Below is a listing; retype exactly the lines between the one containing "- 💙ORIGINAL DESIGN: This" and the one containing "5700- يدخل الجنة", inclusive, minus the pictures.

■ **Information shown**
===============

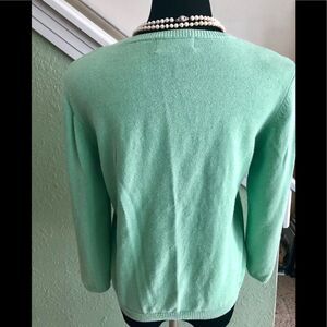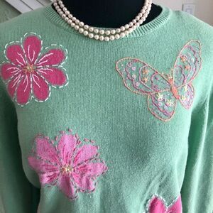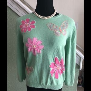Beautiful knitted sweater by Alfred Dunner in size petite medium. 55% ramie, 45% cotton. Has very light shoulder pads that can be easily removed. Light wear excellent condition.
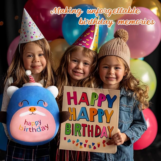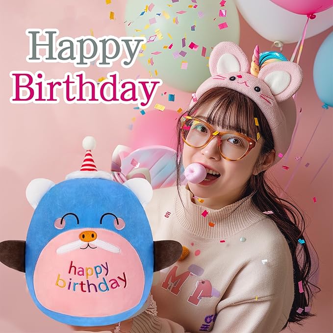 - 💙ORIGINAL DESIGN: This Birthday Pig Plush Pillow is a Loren J Designer Original! A brightly colored birthday hat, smiling eyes that make you feel happy, and the words "Happy Birthday" embroidered on his belly are all elements that add to the unique charm of this birthday pig. Add the Birthday Pig Plush Pillow to your plush pillow collection!
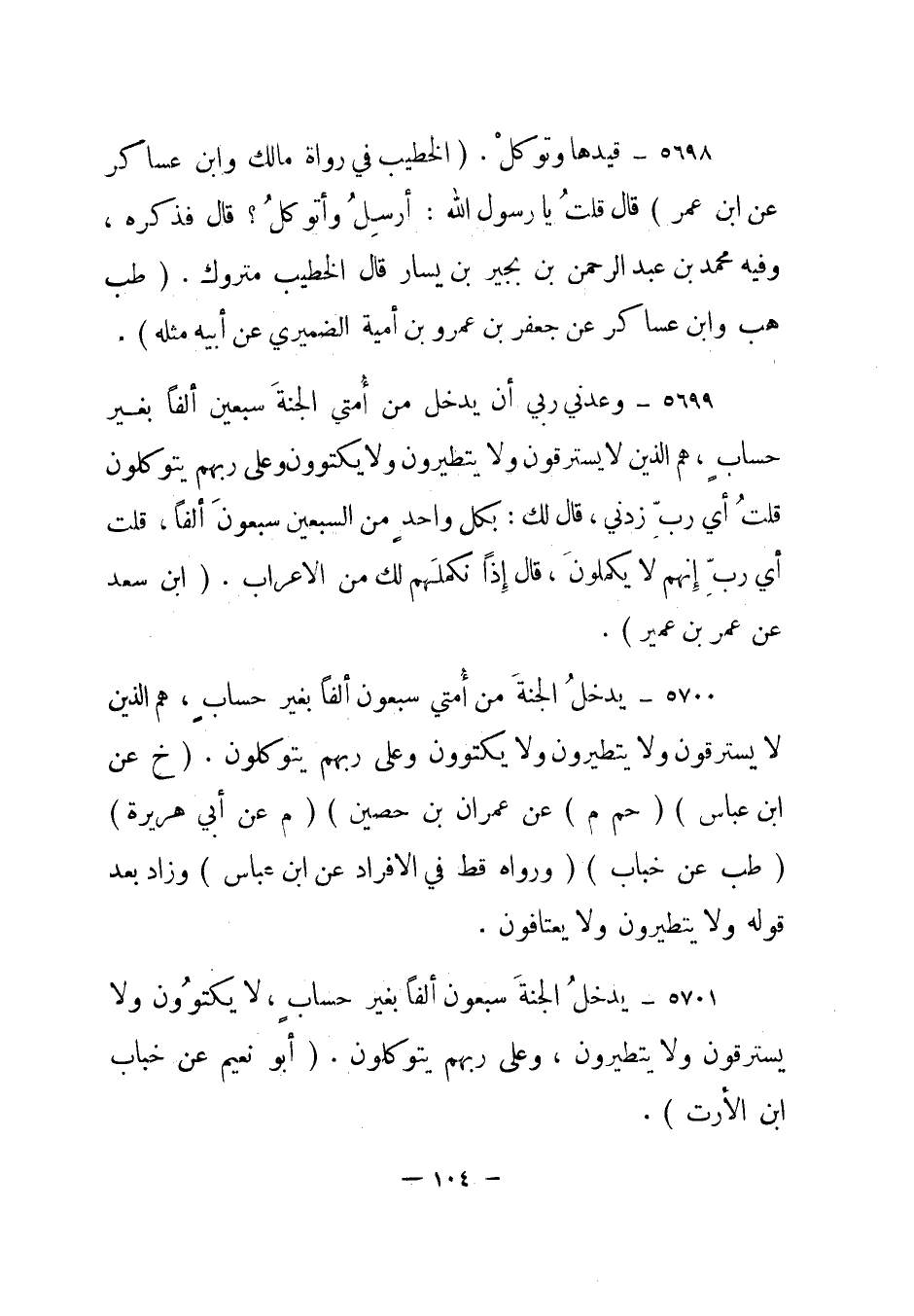 5700- يدخل الجنة من أمتي سبعون ألفا بغير حساب، هم الذين لا يسترقون ولا يتطيرون ولا يكتوون وعلى ربهم يتوكلون. "خ عن ابن عباس" "حم م" عن عمران بن حصين" "م عن أبي هريرة" "طب عن خباب" "ورواه قط في الأفراد عن ابن عباس" وزاد بعد قوله ولا يتطيرون ولا يعتافون.
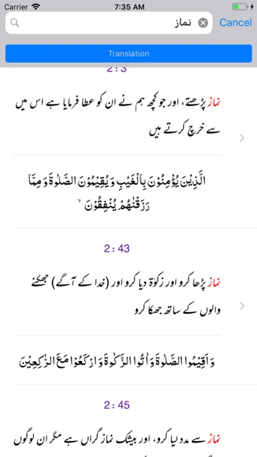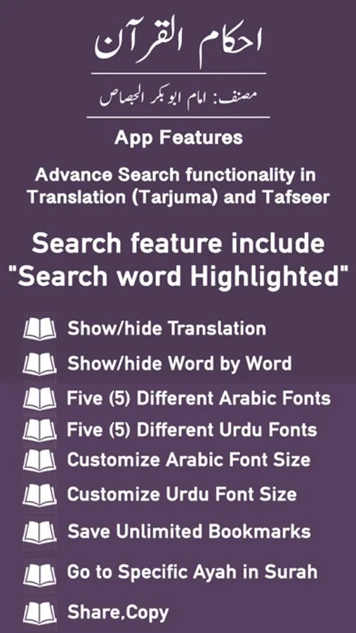 - Ability to show/hide Word by Word, Quran Translation (Tarjuma)

===============

■ **Answer space**
 - 💙ORIGINAL DESIGN: This Birthday Pig Plush Pillow is a Loren J Designer Original! A brightly colored birthday hat, smiling eyes that make you feel happy, and the words "Happy Birthday" embroidered on his belly are all elements that add to the unique charm of this birthday pig. Add the Birthday Pig Plush Pillow to your plush pillow collection!
 5700- يدخل الجنة من أمتي سبعون ألفا بغير حساب، هم الذين لا يسترقون ولا يتطيرون ولا يكتوون وعلى ربهم يتوكلون. "خ عن ابن عباس" "حم م" عن عمران بن حصين" "م عن أبي هريرة" "طب عن خباب" "ورواه قط في الأفراد عن ابن عباس" وزاد بعد قوله ولا يتطيرون ولا يعتافون.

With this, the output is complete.